5. Can you explain the connection between fear, anxiety, and physical pain in the body? How does addressing emotional trauma actually change what’s happening physically in conditions like scoliosis or chronic back issues?

Fear and anxiety activate the nervous system—muscles tighten, breath shortens, and the body prepares for danger. When this becomes chronic, those patterns imprint into posture and movement. In scoliosis or back pain, you can literally see fear’s signature in the body: holding one side, collapsing the other, guarding the heart. When we address emotional trauma, the body’s threat response begins to settle. The nervous system learns safety again. Through awareness, touch, and breath, we invite the body to feel what was once unbearable. That’s when real change happens from the inside out—when the body remembers what ease feels like, and the soul begins to trust life again.

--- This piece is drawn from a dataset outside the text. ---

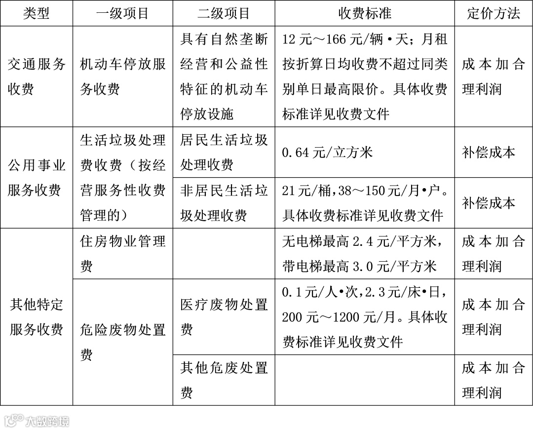 文件中相关的定价的经营服务性收费目录清单如下:

6. For readers who are carrying painful childhood legacies or family trauma, what would you say are the first steps toward healing? What does it mean to accept ourselves “as is” while also pursuing transformation?

Healing begins with honesty—with the courage to stop running from your own story. The first step is to turn toward your pain rather than away from it, to witness it with compassion instead of judgment. As is doesn’t mean resignation; it means standing exactly where you are, without shame, and meeting yourself with kindness. True transformation grows out of that acceptance—it cannot come before it. Change rarely happens all at once; it unfolds slowly, through patience, consistency, and the willingness to begin again. Even when you fall back into old patterns, you’re still on the path. Accepting yourself isn’t about giving up—it’s about taking responsibility for your own healing, one honest moment at a time.